▶ Aim of the task
Give again, exactly and without pictures, the lines running from the line with "Ритуальное жертвоприношение пленников" to the end of the records below.

▶ Source material
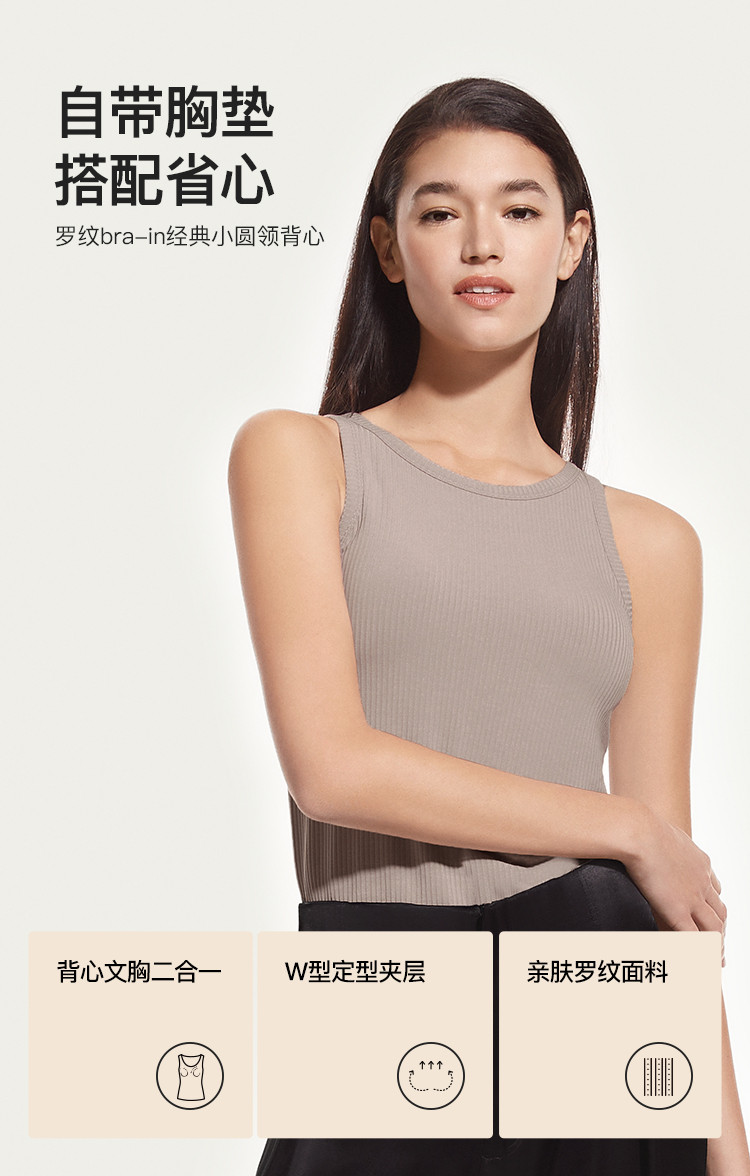商品名称:【凉感带胸垫背心】罗纹吸湿透气一体免穿吊带打底背心内衣女 598720
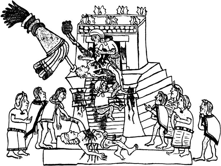 Ритуальное жертвоприношение пленников у ацтеков. Жрец показывает толпе бьющееся сердце; предыдущая жертва с вырванным из груди сердцем лежит у подножия пирамиды. Черное – потоки крови. Мысленно умножьте все показанное на рисунке в десятки раз, чтобы представить себе толпу людей, высоту пирамиды и количество принесенных в жертву пленников. Ацтеки гордились тем, что они покончили с каннибализмом, но с кровожадностью масс покончить еще не могли.
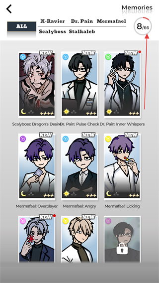 4、領(lǐng)取后進入Memories界面,可查看已獲得的卡牌,界面右上角顯示收集進度為8/66,可管理這些卡牌。
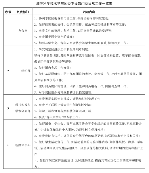 目前,根据本院自身特点及需要,公司团委下设4个部门,分别是办公室、组织部、科技实践和学术创新部和新媒体中心。
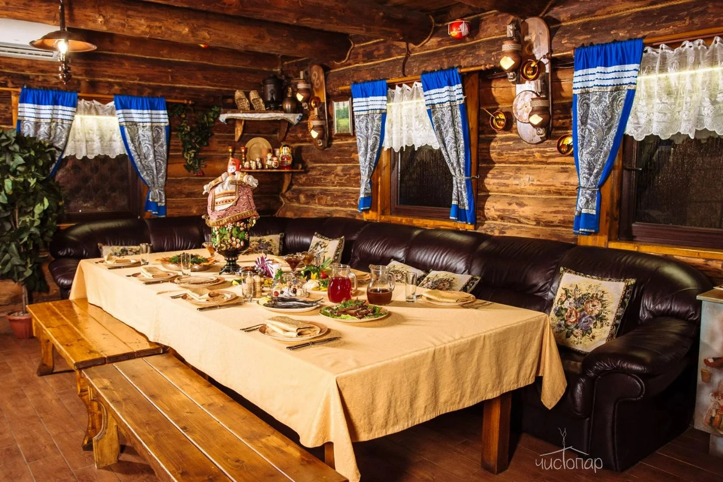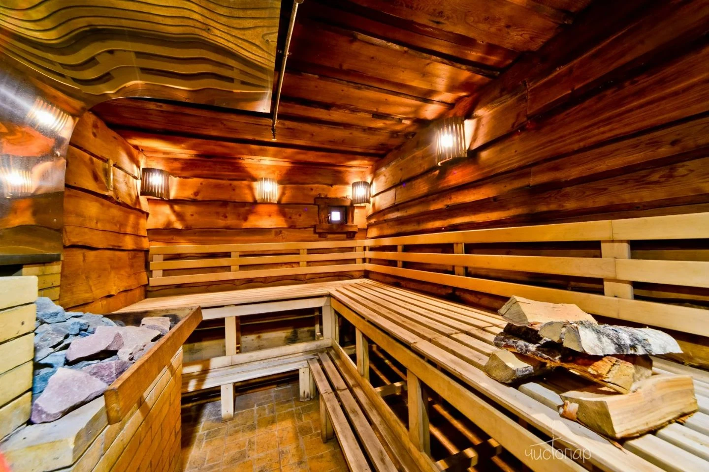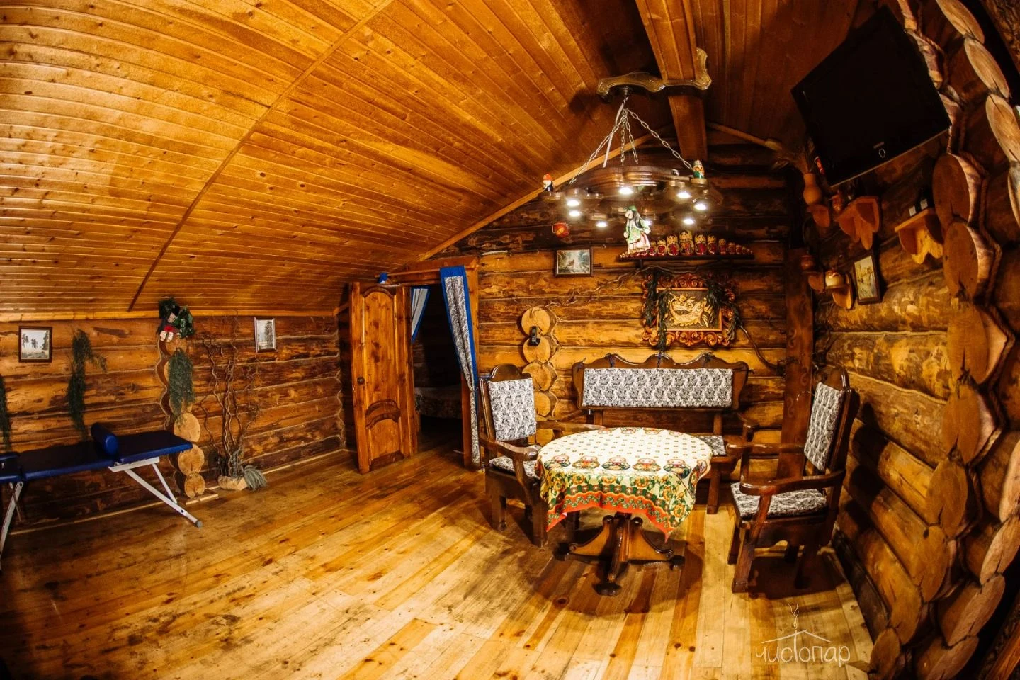 Открывая дверь в сруб «Богатырский», Вы наблюдаете, как на Ваших глазах оживают былины о великих русских богатырях Илье Муромце, Добрыне Никитиче и Алеше Поповиче. Нарочито грубо обработанные стены, массивная мебель, проста и изящество интерьеров создают впечатление невидимого присутствия былинных героев, создавая непередаваемую сказочную атмосферу. Испробовать на себе древние процедуры парения, открыть тайну богатырской силы, окатившись холодной водой после парной бани, а при желании понежиться в огромной джакузи – все это и многое другое Вы найдете здесь. Сруб «Богатырский» Усадьбы Банной подарит Вам богатырское здоровье и отличный отдых!Читать далее

▶ Output
 Ритуальное жертвоприношение пленников у ацтеков. Жрец показывает толпе бьющееся сердце; предыдущая жертва с вырванным из груди сердцем лежит у подножия пирамиды. Черное – потоки крови. Мысленно умножьте все показанное на рисунке в десятки раз, чтобы представить себе толпу людей, высоту пирамиды и количество принесенных в жертву пленников. Ацтеки гордились тем, что они покончили с каннибализмом, но с кровожадностью масс покончить еще не могли.
 4、領(lǐng)取后進入Memories界面,可查看已獲得的卡牌,界面右上角顯示收集進度為8/66,可管理這些卡牌。
 目前,根据本院自身特点及需要,公司团委下设4个部门,分别是办公室、组织部、科技实践和学术创新部和新媒体中心。
 Открывая дверь в сруб «Богатырский», Вы наблюдаете, как на Ваших глазах оживают былины о великих русских богатырях Илье Муромце, Добрыне Никитиче и Алеше Поповиче. Нарочито грубо обработанные стены, массивная мебель, проста и изящество интерьеров создают впечатление невидимого присутствия былинных героев, создавая непередаваемую сказочную атмосферу. Испробовать на себе древние процедуры парения, открыть тайну богатырской силы, окатившись холодной водой после парной бани, а при желании понежиться в огромной джакузи – все это и многое другое Вы найдете здесь. Сруб «Богатырский» Усадьбы Банной подарит Вам богатырское здоровье и отличный отдых!Читать далее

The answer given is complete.